> **WHAT TO WORK ON**:
Beginning at the top of the entries below, retype each line exactly until the line containing "5-20pcs M2M3M4M5M6M8 Golden" has been written out; include no pictures and no later lines.

· · · ·

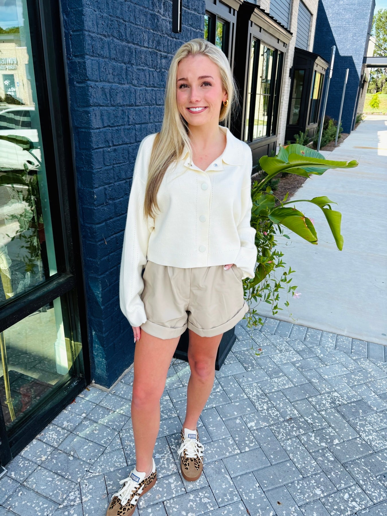 Button-down collared jacket with batwing long sleeves and pointelle trim accents.
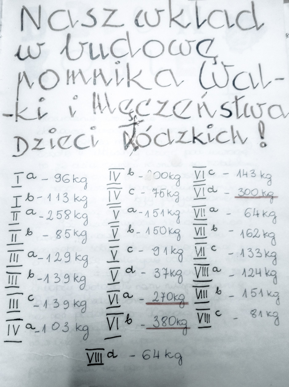 W kronice sporządzono także wykaz, ile kilogramów papierów przynieśli uczniowie z poszczególnych klas, by dochód uzyskany z ich sprzedaży przekazać na rzecz budowy monumentu (zob. zdjęcie: Wkład poszczególnych klas).
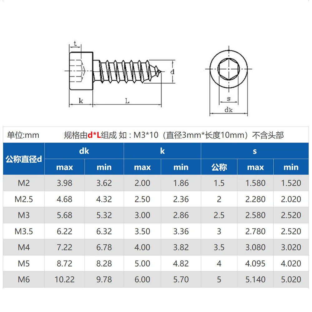 5-20pcs M2M3M4M5M6M8 Golden plated cylindrical inner hexagon self-tapping screw speaker speaker screw cup head wood tooth screw
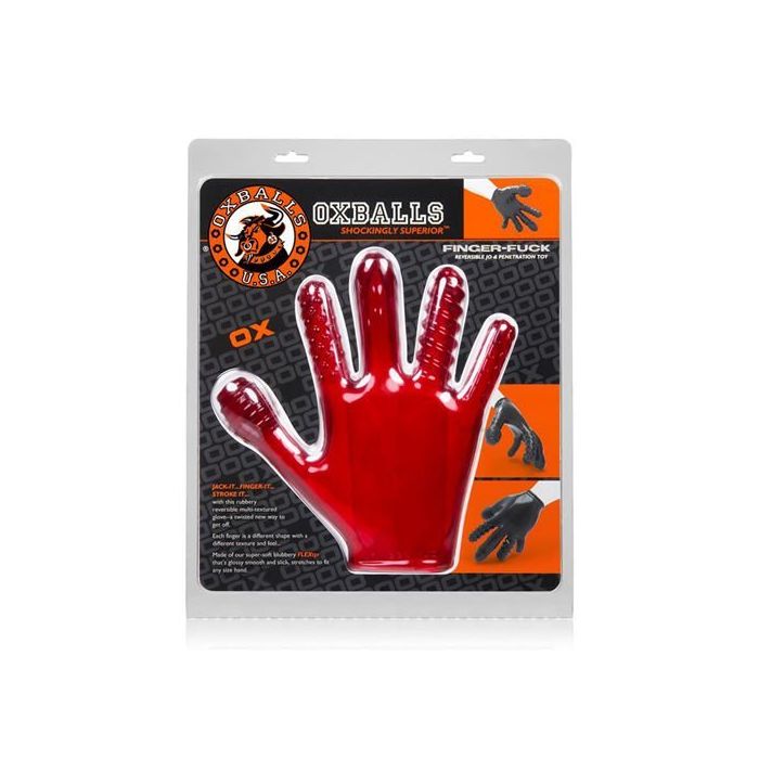 Finger Fuck is een zachte rubberen handschoen ontworpen om enkel met je vingers je partner een heerlijke uniek anale ervaring te geven. Elke vinger heeft een andere genopte structuur en zal dus een ander gevoel in de anus teweeg brengen. De ene vinger heeft stimulerende noppen terwijl de andere vinger weer heerlijke ribbels vertonen. Jij kan zelf kiezen waar jij je partner mee gaat verwennen. Op de duim is een grote ronde bol bevestigd die jij heel goed kan gebruiken om je partner een lekkere prostaat massage mee te geven, de middelvinger heeft de vorm van een penis geheel met aders en eikel om het af te maken. De handschoen is gemaakt van zeer rekbaar materiaal zodat hij om vrijwel elke hand zal passen. Om het aantrekken te vergemakkelijken breng een kleine hoeveelheid glijmiddel aan op de gehele hand en laat je hand zo in de handschoen glijden. Nu kan jij beginnen met het verwennen van je lover op wel 5 verschillende manieren.
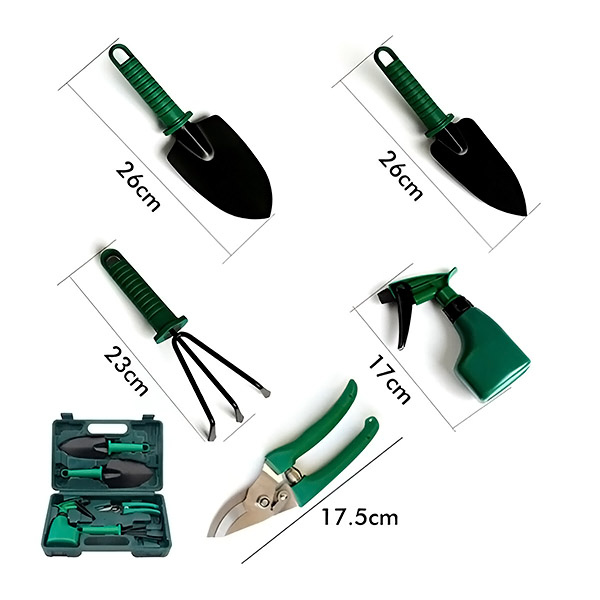 1 x Σετ εργαλείων κήπου με κουτί αποθήκευσης: 1 x δαγκάνα/τσουγκράνα ξεχορταριάσματος, 2 x κουτάλια φύτευσης, 1 x ψαλίδι κλαδέματος, 1 x ψεκαστήρας.
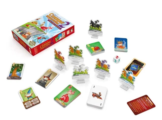 Комплектация40 числовых карт (по четыре экземпляра от 1 до 10), 12 королев, 10 королей, 10 волшебных помощников, 6 рыцарей и подставок для них, 6 Диких гномов, 5 Ведьм-менял, 5 Сонных ив, 4 Книги чар, 2 памятки хода, 1 кубик, правила игры.
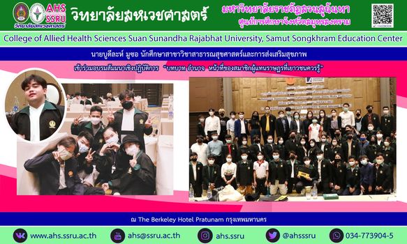 นายบูดีละห์ มูซอ นักศึกษาสาขาวิชาสาธารณสุขศาสตร์และการส่งเสริมสุขภาพ วิทยาลัยสหเวชศาสตร์ มหาวิทยาลัยราชภัฏสวนสุนันทา วิทยาเขตสมุทรสงคราม เป็นตัวแทนจากจังหวัดสมุทรสงคราม
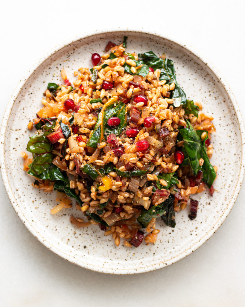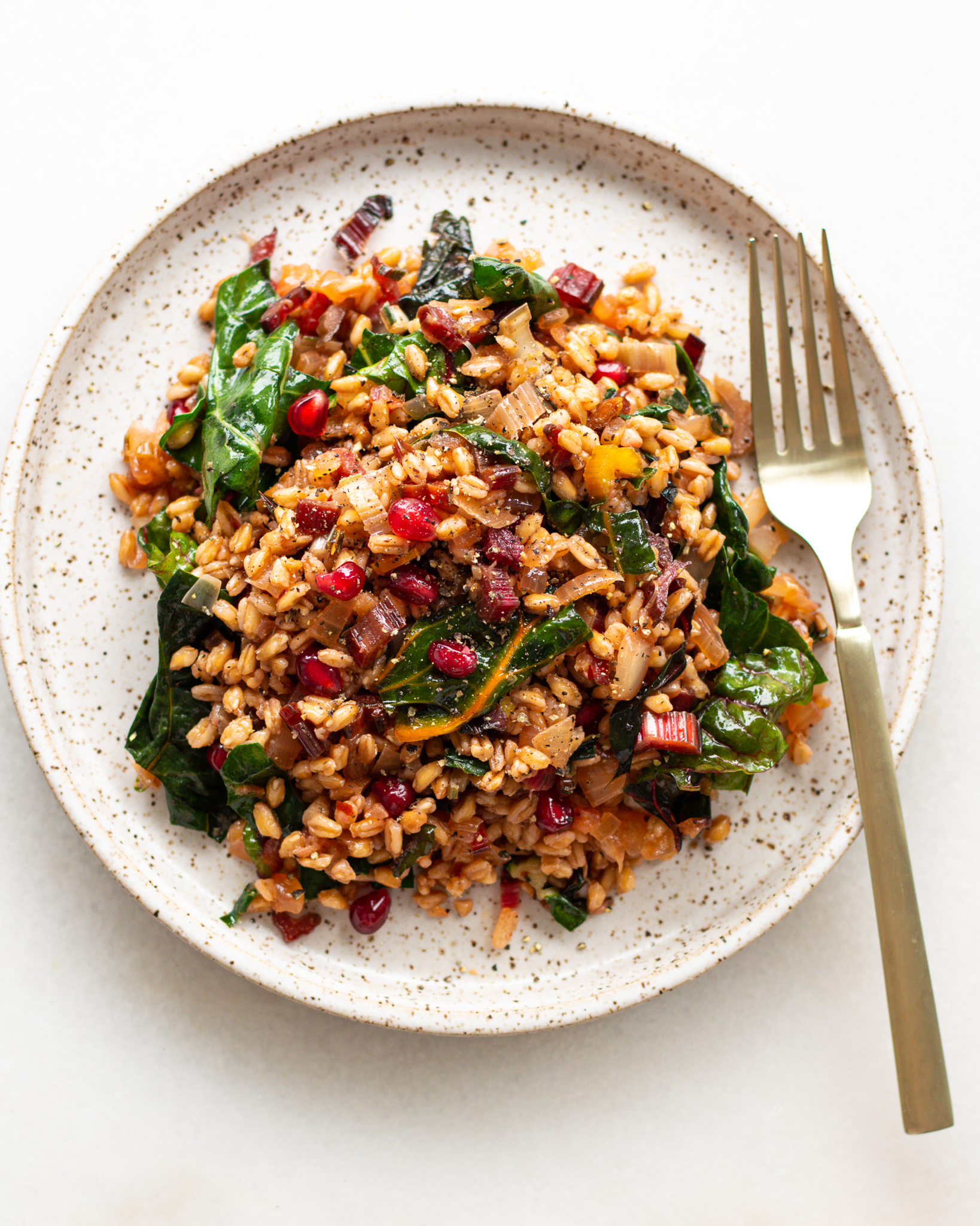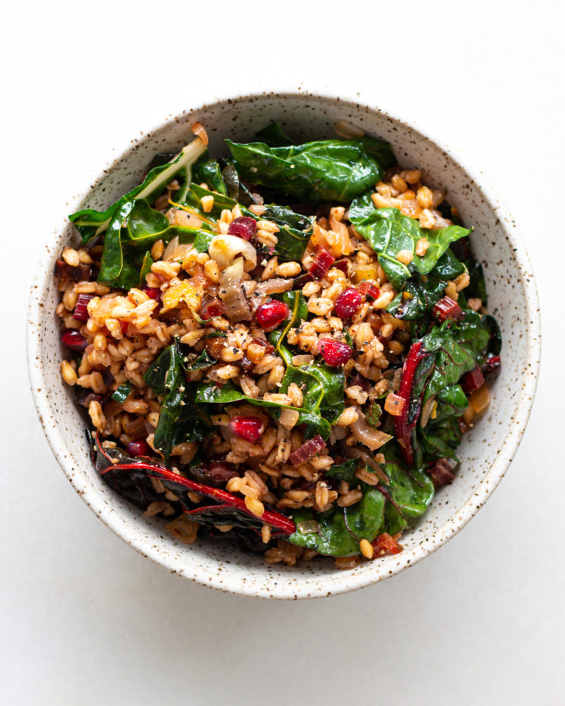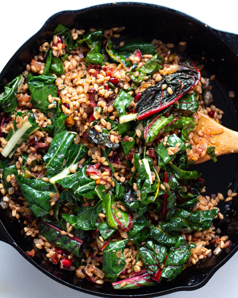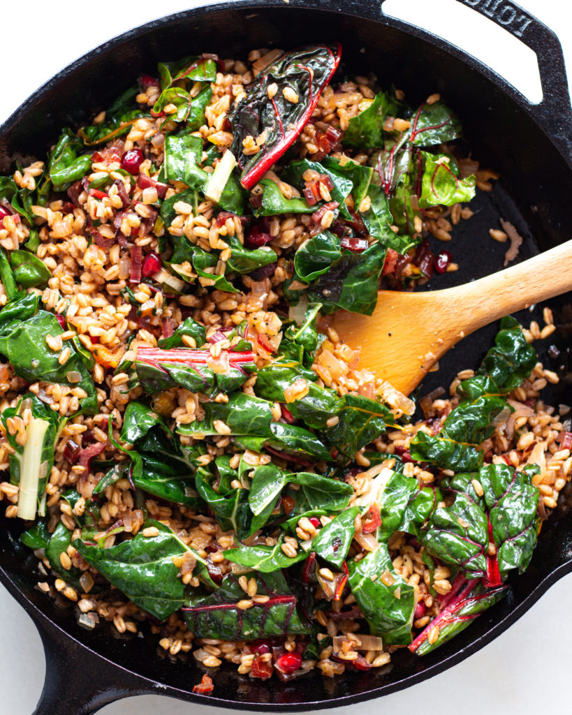 - Toss in the swiss chard leaves and let the heat from the farro mixture naturally wilt them down. Remove the pan from the heat and stir in the pomegranate seeds.
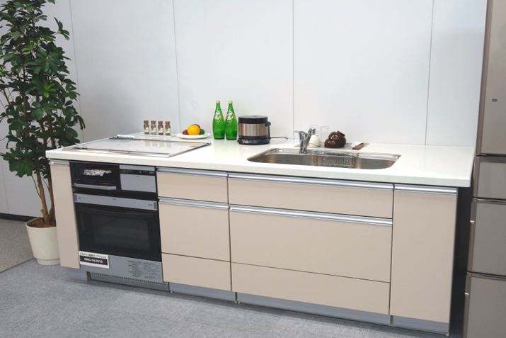 今回説明会で使用した製品は、最近のキッチンに多い人口大理石に合わせたパールホワイトを使用。このほか、ステンレスカウンターになじむメタリックグレーも選択できる。
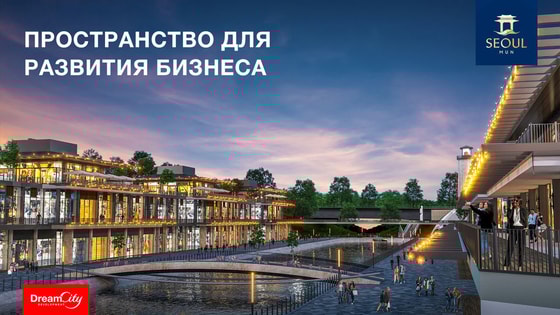 Территория проекта Seoul Mun — это два побережья канала Бурджар, на которых возводятся три уровня современной коммерческой недвижимости, а также огромное пространство для прогулок и отдыха у воды.
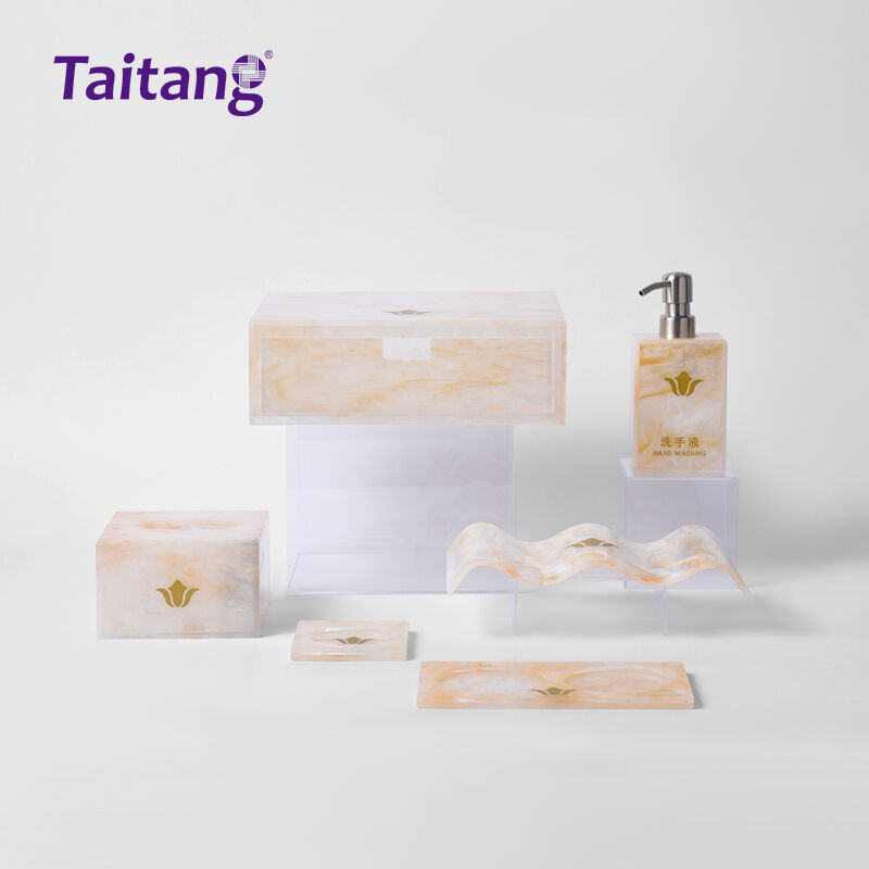 This Taitang Hotel Bathroom Storage Collection, uses acrylic as its material, integrates the fluid elegance and warm texture of natural minerals into everyday bathroom life. The interwoven patterns of soft gold and warm white create a gentle, light-filtering effect, breaking the monotony of traditional bathroom accessories and turning storage into an aesthetic focal point in the space.
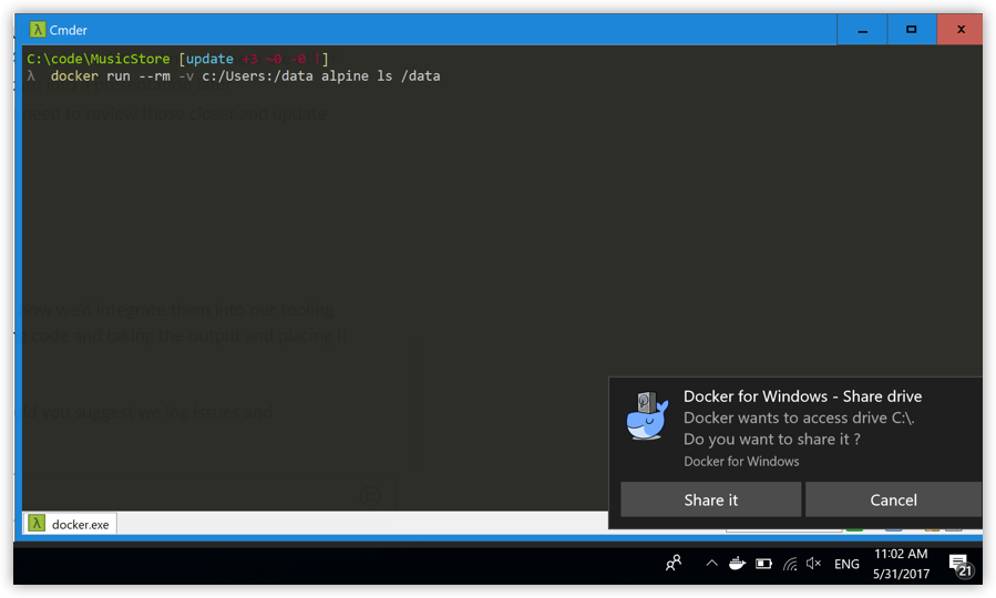 You can select to Share it, in which case it is added your Docker for Windows Shared Drives list and available to containers. Alternatively, you can opt not to share it by hitting Cancel.
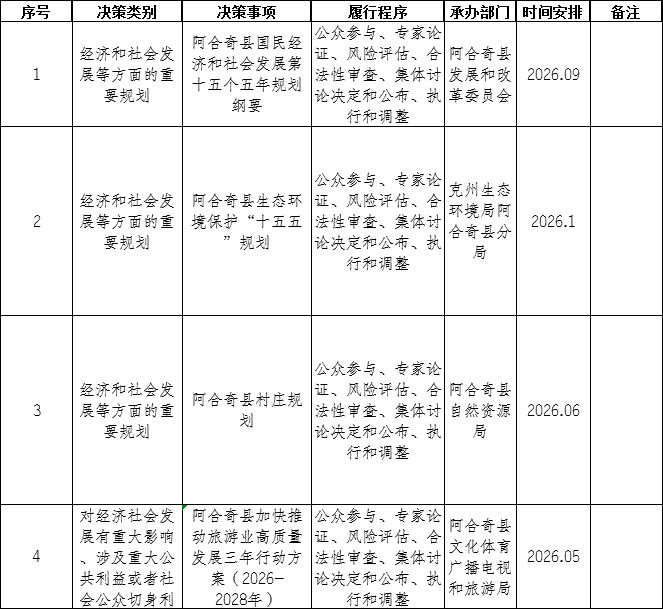 附件:阿合奇县人民政府2026年度重大行政决策事项目录
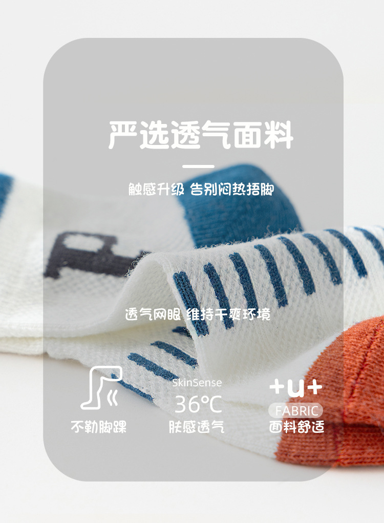 敏榴儿童袜子春夏季薄款男童棉袜网眼透气卡通恐龙中大童船袜批发
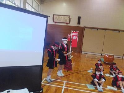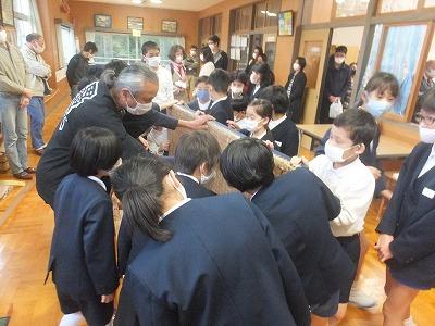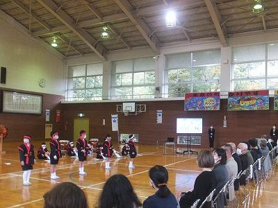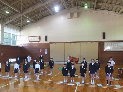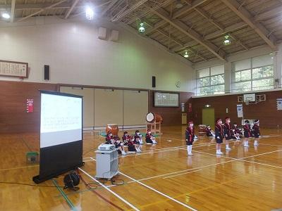 その後、子どもたちと保護者の皆様は、体育館にて、PTA子ども会お別れ会・みどりの少年団退団式をしました。
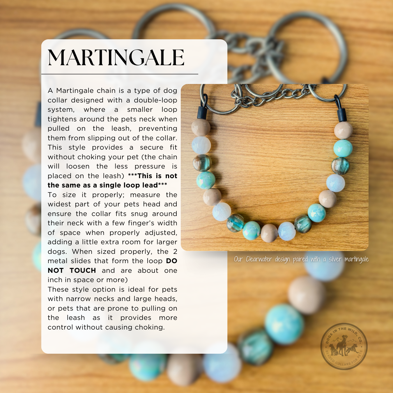 - Sizing is crucial as the slip-on style only functions by sliding on and off your pets head (no fixed adjustability) We will accomodate the size of the martingale chain to the size of the collar ordered. Please do not include/remove any additional lengths when measuring as we will calculate and take into account the length of the chain on our end.
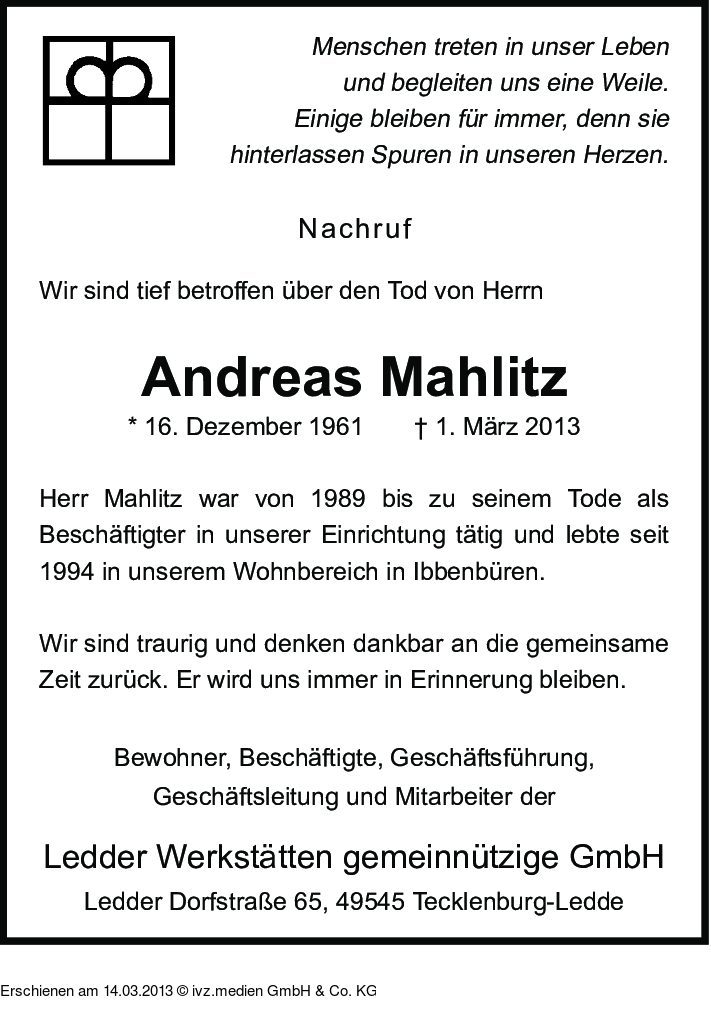 Anzeige vom 14.03.2013
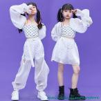 キッズ ダンス衣装 セットアップ ガールズ ヒップホップ かっこいい 派手 キッズダンス衣装 シースルー へそ出し トップス スカート パンツ 韓国 K-POP 白

· · · ·

> **RESPONSE BOX**:
 Button-down collared jacket with batwing long sleeves and pointelle trim accents.
 W kronice sporządzono także wykaz, ile kilogramów papierów przynieśli uczniowie z poszczególnych klas, by dochód uzyskany z ich sprzedaży przekazać na rzecz budowy monumentu (zob. zdjęcie: Wkład poszczególnych klas).
 5-20pcs M2M3M4M5M6M8 Golden plated cylindrical inner hexagon self-tapping screw speaker speaker screw cup head wood tooth screw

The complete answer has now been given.